The EVR has a chamber 82 which selectively communicates with the air inlet 38 via a central bore 36. The chamber is sized to limit lateral movement of the armature 46. This allows for the establishment of a balanced vacuum within the chamber. A damping ring 110 is sized to attenuate the vacuum signal supplied to the vacuum regulator valve 14. It also reduces the oscillation of the diaphragm valve assembly 92.
The EVR valve is controlled by the engine control unit 22. It has a solenoid assembly 24 which exerts a magnetic attractive force on the armature 46. This force is activated by a preloaded armature spring. The amount of force exerted by the spring is adjusted to the minimum flow rate required at the “start-to-open” duty cycle. This preload is a critical element in the sensitive calibration of the device.
A damping ring 110 is sized and designed to attenuate the vacuum signal supplied by the vacuum regulator valve. The ring contains one or more damping orifices 120 which are sized to reduce the pressure within the chamber.

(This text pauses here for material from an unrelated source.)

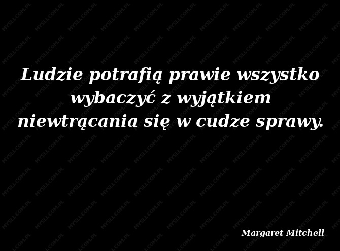 Ludzie potrafią prawie wszystko wybaczyć z wyjątkiem niewtrącania się w cudze sprawy.

The EVR valve can be dismantled and the internal parts replaced for service. A test drive can be performed to check the performance of the device. Before testing the device, remove the vacuum hose and diaphragm. If the EVR is positioned at a supra-annular position, the test can be done using a guidewire. TheĀ evr valve valve can be recaptured during the test.
The EVR valve has a lower incidence of mild paravalvular regurgitation compared to CV. In addition, the EVR device has a higher success rate. The presence of more than mild aortic regurgitation was reported to have a negative effect on the prognosis of the patient. This has resulted in the need for more permanent pacing. Having a more streamlined range makes it more likely that the right valve will be available.
The EVR valve can be installed and removed quickly and easily. Unlike conventional valves, it is not necessary to de-solder the valve. It is also easy to replace the internal parts when needed. The insertion profile of the EVR is much smaller than the CV, enabling transfemoral access. The device is compatible with various refrigerants.
The EVR has the potential to help prevent the incidence of new permanent pacemaker implantations. This is a positive development for patients who have been experiencing frequent need for permanent pacing. The EVR device may be used in patients with complex iliofemoral anatomy, which requires careful and precise implantation.
The long term clinical outcome of the device is good. This is especially true for the group that received the device on the first attempt. The second trial was carried out in January 2013 and resulted in more successful devices. The clinical outcomes for these patients were similar to those in the CV group. However, the EVR prosthesis has a shorter insertion profile and is more suitable for challenging anatomy.